Available data –
☆ ☆ ☆ ☆
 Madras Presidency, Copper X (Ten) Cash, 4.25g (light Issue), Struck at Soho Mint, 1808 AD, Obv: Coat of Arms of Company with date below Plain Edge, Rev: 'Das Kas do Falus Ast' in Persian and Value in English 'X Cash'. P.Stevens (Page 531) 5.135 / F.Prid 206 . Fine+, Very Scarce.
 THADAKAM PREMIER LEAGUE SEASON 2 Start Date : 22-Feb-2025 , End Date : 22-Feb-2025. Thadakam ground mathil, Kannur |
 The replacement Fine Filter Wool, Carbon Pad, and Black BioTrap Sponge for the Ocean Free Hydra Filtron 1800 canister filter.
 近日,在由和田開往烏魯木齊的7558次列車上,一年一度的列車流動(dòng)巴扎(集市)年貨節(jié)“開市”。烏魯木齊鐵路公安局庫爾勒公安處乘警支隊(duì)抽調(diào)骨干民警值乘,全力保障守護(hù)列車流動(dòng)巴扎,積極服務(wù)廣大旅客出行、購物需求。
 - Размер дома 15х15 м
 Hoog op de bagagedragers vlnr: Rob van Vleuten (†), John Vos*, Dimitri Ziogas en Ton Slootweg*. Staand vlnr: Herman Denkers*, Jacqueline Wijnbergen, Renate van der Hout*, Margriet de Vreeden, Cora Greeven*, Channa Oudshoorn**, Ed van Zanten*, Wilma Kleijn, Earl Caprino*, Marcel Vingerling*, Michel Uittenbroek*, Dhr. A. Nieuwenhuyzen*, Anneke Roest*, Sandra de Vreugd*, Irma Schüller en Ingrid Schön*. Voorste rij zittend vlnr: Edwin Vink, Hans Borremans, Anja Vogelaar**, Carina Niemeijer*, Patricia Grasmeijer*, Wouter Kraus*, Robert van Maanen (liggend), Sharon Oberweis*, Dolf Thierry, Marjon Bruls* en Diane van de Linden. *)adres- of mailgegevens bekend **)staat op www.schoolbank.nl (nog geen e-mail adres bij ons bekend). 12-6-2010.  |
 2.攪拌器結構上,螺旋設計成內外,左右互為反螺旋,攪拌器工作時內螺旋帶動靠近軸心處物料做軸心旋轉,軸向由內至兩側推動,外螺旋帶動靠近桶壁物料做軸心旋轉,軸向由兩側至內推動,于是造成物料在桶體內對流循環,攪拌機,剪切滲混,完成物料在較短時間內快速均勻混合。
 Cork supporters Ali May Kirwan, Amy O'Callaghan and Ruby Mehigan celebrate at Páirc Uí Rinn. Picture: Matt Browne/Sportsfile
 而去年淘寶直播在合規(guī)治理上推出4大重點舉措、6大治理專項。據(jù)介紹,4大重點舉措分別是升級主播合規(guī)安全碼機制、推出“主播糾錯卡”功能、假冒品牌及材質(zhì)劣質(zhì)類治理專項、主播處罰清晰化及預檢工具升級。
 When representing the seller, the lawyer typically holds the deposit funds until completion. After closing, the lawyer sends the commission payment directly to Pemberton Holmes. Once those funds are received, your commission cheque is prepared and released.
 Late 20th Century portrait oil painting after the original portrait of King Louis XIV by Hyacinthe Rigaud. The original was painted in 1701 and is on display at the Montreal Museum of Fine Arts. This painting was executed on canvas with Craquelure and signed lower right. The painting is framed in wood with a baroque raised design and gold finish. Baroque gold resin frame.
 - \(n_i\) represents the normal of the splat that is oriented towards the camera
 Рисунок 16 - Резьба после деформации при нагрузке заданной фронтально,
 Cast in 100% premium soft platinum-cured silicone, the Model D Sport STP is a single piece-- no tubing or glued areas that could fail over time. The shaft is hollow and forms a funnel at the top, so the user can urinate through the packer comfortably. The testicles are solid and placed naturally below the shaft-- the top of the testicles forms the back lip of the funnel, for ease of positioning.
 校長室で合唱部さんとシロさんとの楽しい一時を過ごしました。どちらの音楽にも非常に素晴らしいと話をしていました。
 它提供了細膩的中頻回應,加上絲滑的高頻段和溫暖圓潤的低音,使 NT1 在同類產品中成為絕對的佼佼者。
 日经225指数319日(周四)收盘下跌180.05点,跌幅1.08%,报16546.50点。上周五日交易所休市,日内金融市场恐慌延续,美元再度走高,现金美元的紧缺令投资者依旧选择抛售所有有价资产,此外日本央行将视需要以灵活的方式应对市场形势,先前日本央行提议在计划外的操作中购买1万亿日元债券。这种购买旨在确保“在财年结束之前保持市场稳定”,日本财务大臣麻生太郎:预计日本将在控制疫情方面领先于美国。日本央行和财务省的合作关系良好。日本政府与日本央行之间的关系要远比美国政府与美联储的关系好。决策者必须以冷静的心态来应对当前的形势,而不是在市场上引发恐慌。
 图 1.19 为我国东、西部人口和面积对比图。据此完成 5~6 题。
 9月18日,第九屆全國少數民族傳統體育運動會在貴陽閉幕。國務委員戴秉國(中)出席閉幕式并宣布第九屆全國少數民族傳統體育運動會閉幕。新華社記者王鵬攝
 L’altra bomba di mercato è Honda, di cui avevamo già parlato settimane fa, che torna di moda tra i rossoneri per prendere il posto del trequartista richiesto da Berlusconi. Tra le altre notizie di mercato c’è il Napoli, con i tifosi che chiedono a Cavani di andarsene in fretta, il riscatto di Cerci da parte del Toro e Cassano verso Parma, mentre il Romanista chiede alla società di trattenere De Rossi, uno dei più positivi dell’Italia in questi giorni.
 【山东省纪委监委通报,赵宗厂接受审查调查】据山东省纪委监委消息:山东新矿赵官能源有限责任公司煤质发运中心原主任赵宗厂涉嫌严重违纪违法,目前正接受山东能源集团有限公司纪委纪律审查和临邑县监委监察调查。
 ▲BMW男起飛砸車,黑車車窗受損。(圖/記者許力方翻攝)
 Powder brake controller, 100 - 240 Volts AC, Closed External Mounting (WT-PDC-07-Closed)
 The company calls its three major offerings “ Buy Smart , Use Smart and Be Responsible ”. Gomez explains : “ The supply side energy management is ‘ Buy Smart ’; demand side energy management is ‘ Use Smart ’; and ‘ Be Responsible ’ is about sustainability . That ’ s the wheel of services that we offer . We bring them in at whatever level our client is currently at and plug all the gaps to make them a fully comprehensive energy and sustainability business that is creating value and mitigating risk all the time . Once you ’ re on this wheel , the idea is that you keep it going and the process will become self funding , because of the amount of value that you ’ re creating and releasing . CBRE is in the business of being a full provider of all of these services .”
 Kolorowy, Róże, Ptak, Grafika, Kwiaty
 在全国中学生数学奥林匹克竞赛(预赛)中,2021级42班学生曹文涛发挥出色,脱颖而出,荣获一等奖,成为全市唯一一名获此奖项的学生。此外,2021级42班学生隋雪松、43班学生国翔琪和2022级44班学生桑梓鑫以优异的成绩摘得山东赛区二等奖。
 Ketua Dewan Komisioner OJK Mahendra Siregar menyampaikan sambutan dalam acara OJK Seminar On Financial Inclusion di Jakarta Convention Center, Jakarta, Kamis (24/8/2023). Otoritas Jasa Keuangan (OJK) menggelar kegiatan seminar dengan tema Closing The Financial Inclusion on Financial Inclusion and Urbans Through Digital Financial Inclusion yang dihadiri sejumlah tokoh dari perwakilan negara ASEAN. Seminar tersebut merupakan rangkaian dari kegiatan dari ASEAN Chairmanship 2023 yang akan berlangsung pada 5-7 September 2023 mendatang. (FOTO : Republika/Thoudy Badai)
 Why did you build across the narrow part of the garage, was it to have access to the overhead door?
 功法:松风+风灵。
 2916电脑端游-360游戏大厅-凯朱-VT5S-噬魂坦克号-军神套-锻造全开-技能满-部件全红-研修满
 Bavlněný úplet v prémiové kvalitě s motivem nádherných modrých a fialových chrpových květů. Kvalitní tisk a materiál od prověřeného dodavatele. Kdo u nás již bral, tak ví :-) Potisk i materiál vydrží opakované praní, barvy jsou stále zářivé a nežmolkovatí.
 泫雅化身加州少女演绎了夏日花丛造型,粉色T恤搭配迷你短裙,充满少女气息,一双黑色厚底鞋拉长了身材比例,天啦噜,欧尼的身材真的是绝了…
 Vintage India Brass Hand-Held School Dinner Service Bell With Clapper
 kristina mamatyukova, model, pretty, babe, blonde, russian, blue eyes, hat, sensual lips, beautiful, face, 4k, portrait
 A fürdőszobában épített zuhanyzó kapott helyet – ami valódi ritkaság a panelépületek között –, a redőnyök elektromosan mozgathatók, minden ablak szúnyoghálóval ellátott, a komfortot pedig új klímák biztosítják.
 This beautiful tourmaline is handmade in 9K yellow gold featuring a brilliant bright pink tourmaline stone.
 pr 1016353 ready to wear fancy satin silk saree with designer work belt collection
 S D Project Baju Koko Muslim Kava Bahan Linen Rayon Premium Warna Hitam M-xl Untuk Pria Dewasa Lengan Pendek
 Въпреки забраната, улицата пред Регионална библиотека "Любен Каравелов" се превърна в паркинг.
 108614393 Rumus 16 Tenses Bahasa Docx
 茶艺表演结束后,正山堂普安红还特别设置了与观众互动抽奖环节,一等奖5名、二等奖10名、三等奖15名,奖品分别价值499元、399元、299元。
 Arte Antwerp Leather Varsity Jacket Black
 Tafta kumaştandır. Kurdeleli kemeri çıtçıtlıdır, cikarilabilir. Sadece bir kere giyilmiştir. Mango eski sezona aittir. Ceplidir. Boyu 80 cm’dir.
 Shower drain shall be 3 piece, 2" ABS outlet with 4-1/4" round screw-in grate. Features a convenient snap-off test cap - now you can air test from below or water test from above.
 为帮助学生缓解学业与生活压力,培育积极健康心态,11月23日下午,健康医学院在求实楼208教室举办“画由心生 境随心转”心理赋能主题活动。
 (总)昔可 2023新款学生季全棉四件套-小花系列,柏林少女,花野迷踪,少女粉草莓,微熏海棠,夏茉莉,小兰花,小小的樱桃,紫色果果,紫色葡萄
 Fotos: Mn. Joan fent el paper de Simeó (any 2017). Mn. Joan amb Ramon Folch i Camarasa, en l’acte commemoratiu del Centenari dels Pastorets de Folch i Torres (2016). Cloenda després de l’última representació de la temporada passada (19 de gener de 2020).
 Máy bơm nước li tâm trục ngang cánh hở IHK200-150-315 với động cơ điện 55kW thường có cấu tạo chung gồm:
☆ ☆ ☆ ☆
Exercise – What lines in the listing include the string "beautiful"? Copy them out.

Output below –
 kristina mamatyukova, model, pretty, babe, blonde, russian, blue eyes, hat, sensual lips, beautiful, face, 4k, portrait
 This beautiful tourmaline is handmade in 9K yellow gold featuring a brilliant bright pink tourmaline stone.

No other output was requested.